Two of my favorite teenage memories were going to summer camp, and during the winter, going on a Christian retreat. Life felt easier then. While I rode horses, made Popsicle stick houses, or talked about how God impacted my life, I felt a sense of belonging. I socialized with other Christians, discussing my viewpoint on premarital sex, drugs, and alcohol. During these wonderful respites from every day teen-aged life, I felt a sense of security.
Spending time with other kids, helped me to realize how blessed I was to have both a mother and father involved in my life. At camp, we would jump on a horse and trot off on a trail, often spotting a deer or rabbit. The wind blew through my hair and I felt as if I were flying.
My favorite times were around the campfire. People would talk openly about the good and bad things that made us who we are today. No one judged me for believing in Jesus. It was a time when I could take off my mask and allow those around me to know the scared girl hiding deep inside. I made lifelong friends during these vacations from the day-to-day existence that waited for me back at home and school.
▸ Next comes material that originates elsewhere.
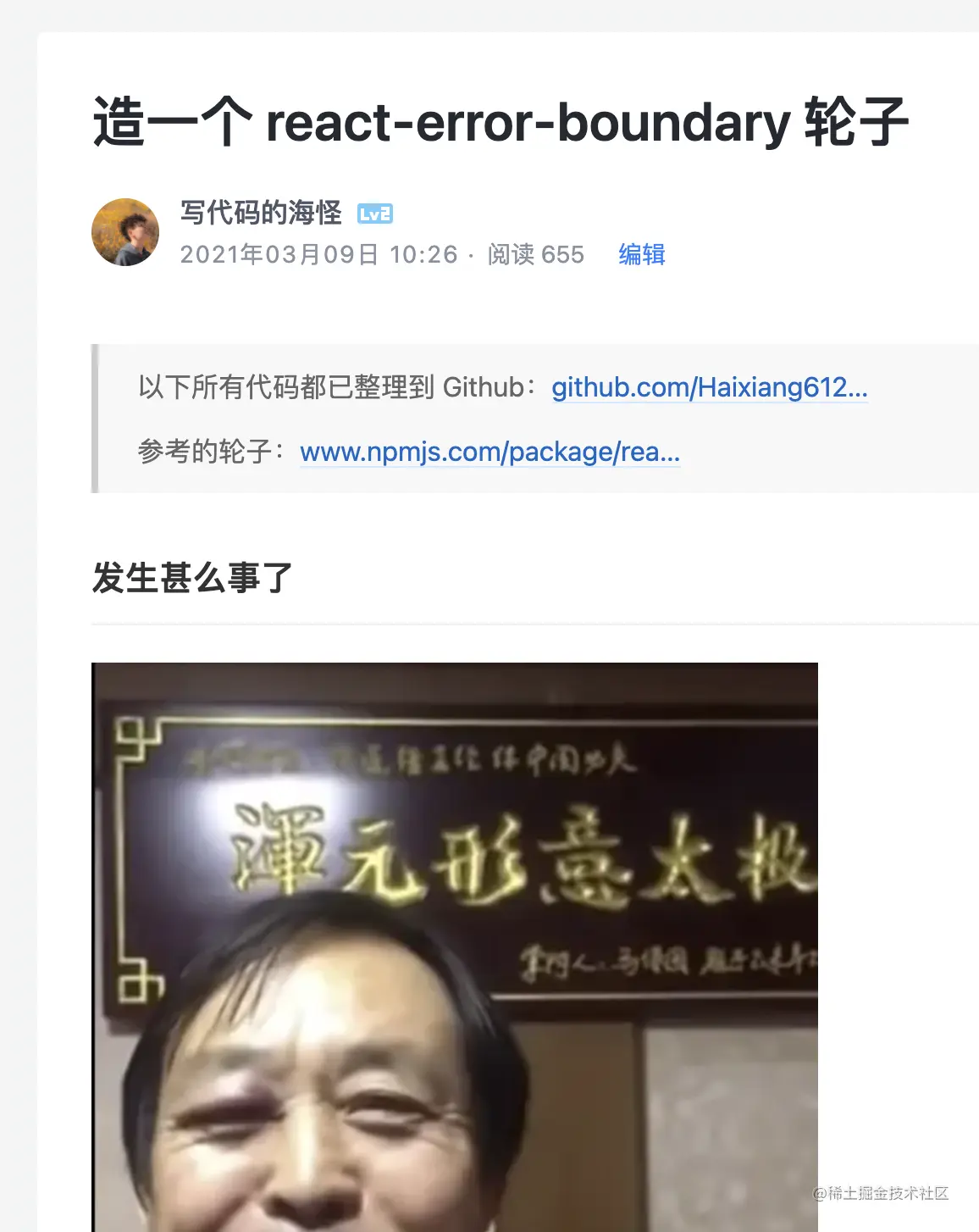 今年算是重新把写文章这件事捡了起来。起因是有一天,我突发奇想:要是把 “马老师不讲武德” + React Error Boundary 结合起来写一篇搞笑的造轮子文章,应该会很有趣。所以就有了这一篇:造一个 react-error-boundary 轮子。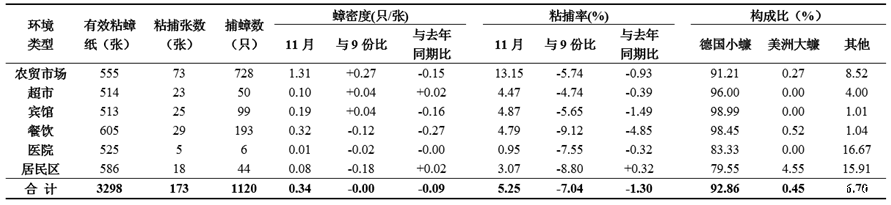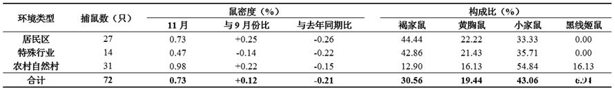 11月全省开展了鼠、蟑2项密度监测。监测结果显示:11月夹夜法监测鼠密度平均为0.73%,较9月(0.61%)上升了19.67%,较去年同期(0.94%)下降了22.34%。11月粘捕法监测蟑密度平均为0.34只/张,与9月(0.34只/张)持平,较去年同期(0.43只/张)下降了20.93%;平均蟑粘捕率为5.25%,较9月(12.29%)下降了57.28%,较去年同期(6.55%)下降了19.85%。

When the week ended, I’d hug my parents and left feeling I had a greater understanding of my purpose. However, in just mere hours, the sense of euphoria diminished. My brother would say something hateful to me, which made me run to my room and sob into my pillow. I’d look at the clock and think if I were at camp right now we would be brushing the horses.
Returning to school after a retreat shocked me into reality. I scanned the lunch tables trying to figure out where I belonged. Then a voice whispered in my ear, “If you were still on retreat, you wouldn’t have to pretend to be someone else to fit in. No, you’d be sitting at the table with your new friends bowing your head to pray.” I knew that I’d be ridiculed if I prayed at school.
In gym class, I’d be the last person to be picked to be on a team. Embarrassed I’d look down, close my eyes and envision myself playing baseball at camp. There it didn’t matter who won or lost.
As I grew into adulthood, I’d like to say I became self-confident, that I didn’t worry about fitting in and everyone knew the real me because my mask had been discarded years before. But that would be a lie. My mother died quite young and unexpectedly. Even years after her death, I’d look at the clock and think if Mom were here she would be phoning me about now to see how my day went.
At the arrival of my third child, I burst into tears, not because I’d experienced the miracle of birth but because Mom wasn’t there to encourage me through labor for the first time. Many of my days were spent saying what if… . What if Mom were alive, we would have been able to build my dream house next door to her. What if Mom were here to host holiday dinners, my kids would have gotten to know their cousins better.
During the 18 years since Mom died, a day didn’t go by that I didn’t miss her and mourn her early demise. I clung to my memories of her. Shortly before the 18th anniversary of Mom’s passing into Heaven, I had a near death experience. Visions of my kids mourning me flashed through my head. I screamed, “I don’t want to die.” After the medical crew revived me, I started seeing life through new eyes. I’d spent so much time reliving my happier days that I robbed myself of some spectacular moments.
My epiphany rattled me to the bone. I’d been living in the past. Dreaming about a remote control, where I could push the rewind button to a day when I felt like I belonged, only prolonged my agony. Instead of praising God for each precious moment spent with my family, I immersed myself in my memories.
After my near death adventure, I started looking forward instead of behind me. The future is full of glorious days and I don’t want to miss a single second.